Great opportunity here to take deeper responsibility, to grow, and ultimately take your project to a new level.


👤 philprx
Two things kill a lot/ most startups:

* Money problems

* Founders alignments

You at least have one of these problem, possibly two in the future.

Only way to fix this is to re align and make sure you don't run out of money.

Re align means discussion and demonstrating what works.

A good book on how to conduct these discussions and gather clear data on the company (that shows afterwards if an action was good or not): Traction

Good luck my friend, entrepreneurship is hard.


👤 gumby
In my first startup one of my two cofounders was the initial CEO and I wanted to be the one who managed the cash.

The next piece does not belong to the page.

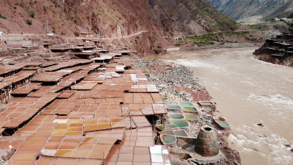 一塊塊鹽田橫連縱疊。在礦物質和微生物作用下,鹽鹵呈現不同顏色,仿佛山坡上的“調色盤”。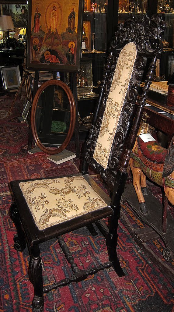 wpis w budowie……………..Oryginalne krzesło gdańskie z XX wieku, wykonane z rzeźbionego dębu barwionego na czarno. Stan bardzo dobry. Unikatowy mebel kolekcjonerski.

As it happened we only had to have a couple of those tough conversations because the three of us were all pretty parsimonious, but I slept better having some controls in place and knowing we wouldn’t run out of money.

👤 spaceman_2020
Is this a one-off thing or are there similar instances of wasteful spending?

If its a one time thing, maybe your CEO had a reason - he/she might have felt that the employees had been working too hard and deserved a break, or might have noticed that productivity and morale were flagging.


👤 ajl666
Why didn't you sign an operating agreement from the get go? You engineer automatic, axiomatic, algorithmic systems but failed to engineer your most important system for success. You're screwed. This kind of 'partner' isn't.

👤 frozenport
Meh. 10% isn't a make or break move, and it may be worth the cost if it keeps employee retention up.

Real problem is to figure out if you guys got what you paid for.


👤 nnoitra
Come on, live a little. A small vacation of 6 months to Bora Bora never ruined a company! Enjoy. Life is short. Carpe diem.

👤 eurasiantiger
Honestly, this seems like a play to get rid of all the business partners. One plane crash to kill ’em all.

👤 m00x
I'm not sure how the first thing that came to your mind isn't "I better talk to them about it.".

Co-founder relationships are like marriages, only losers go vent about their partners on the internet to give their side of the story. Smarten up, go talk to them. Maybe the lack of emotional intelligence on your side is why he didn't tell you ahead of time.


👤 notananthem
Beat them to upping the burn rate by.. a lot, until neither of you own anything.

Everyone needs financial controls and financial accountability. No one should be able to spend without cosigners. If you set that up early, it will be in your company's blood. If you don't, you will ALWAYS have a culture of wastage.


👤 r0b05
You might need a mediator to bridge the communication gap.

👤 osigurdson
This sounds like a made up story to me. The numbers don't even make sense.

👤 MrMan
get out

👤 cutierust
I think the crux of the problem is not expenses themselves but that you learnt it from slack. It doesn't matter if the CEO is wasteful or miser, it looks like his decision making is one sided. I don't see much future in things frankly.